I get so disheartened listening to political arguments about health care reform.

It’s not that I am a big fan of the bill that finally passed. I would much rather have seen “Medicare for All,” for policy reasons not germane to this post. But I have been astonished by the venom that the bill has engendered. It’s bad enough that crazies like Glenn Beck compare Obama’s effort to provide health care to the uninsured with Nazism. The despicable lie about “death panels,” hyped by Sarah Palin and her ilk, was equally odious. But perhaps the most annoying of these efforts at disinformation has been the recent effort by presumably serious GOP lawmakers to persuade the public that the Affordable Care Act–which they dub sneeringly as “Obamacare”–is a “jobs killer.”

This all started when the Congressional Budget Office reviewed the Act. Along with concluding that the reform bill will reduce the deficit significantly over the next ten years, the CBO noted that the measure will allow a number of people to leave the workforce. Congressional Republicans immediately cited this as evidence the Act was a “job killer.”
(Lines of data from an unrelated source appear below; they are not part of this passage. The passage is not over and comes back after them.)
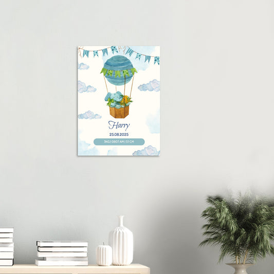 Personalised Baby Elephant Birth Details Aluminium Print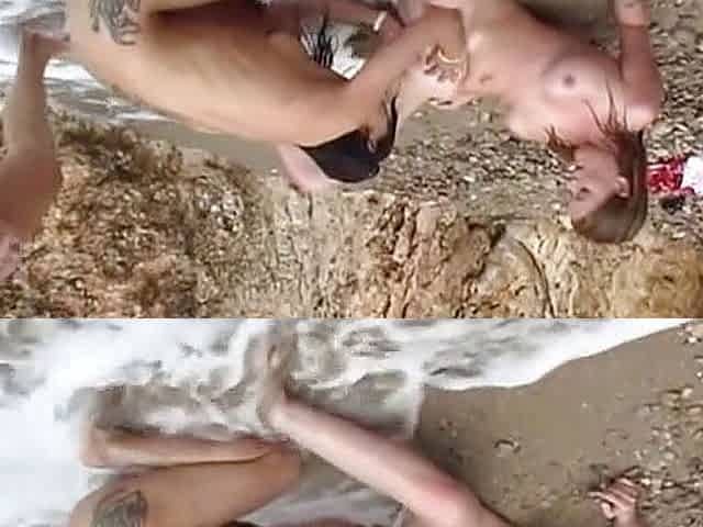 Rough threesome sex on beach rocks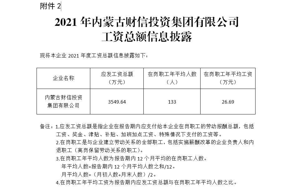 2021年內(nèi)蒙古財(cái)信投資集團(tuán)有限公司 工資總額信息披露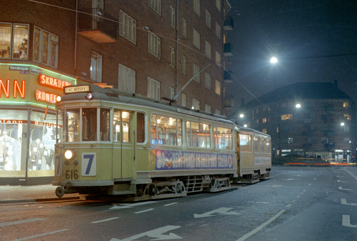 København / Kopenhagen Københavns Sporveje SL 7 (Tw 616 + Bw 15xx) København N, Nørrebro, Lundtoftegade / Nørrebro Station / Nørrebrogade am 28. Oktober 1968. - Scan eines Farbnegativs. Film: Kodak Kodacolor X.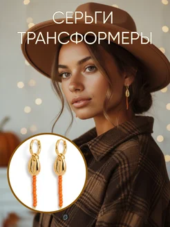 Серьги конго сердечки трансформеры в подарок бижутерия

What the CBO found, however, had nothing at all to do with the number of jobs. It had to do with the number of people who are currently working only because they need affordable health insurance.

In other words, there are people who are only working because they desperately need employer-sponsored health insurance. These are people who have the means not to work full-time, if they have access to a health insurance market that currently shuts them out. Many of these workers will choose to retire early because they will now be able to buy their own health insurance.

This is what Republicans mean when they say that health care reform is ‘destroying jobs.’

There’s a reason many of us despair of ever having reasoned, rational discussions of policy. When ideology and political posturing trump reality, the common good–not to mention common sense–gets lost in the spin cycle.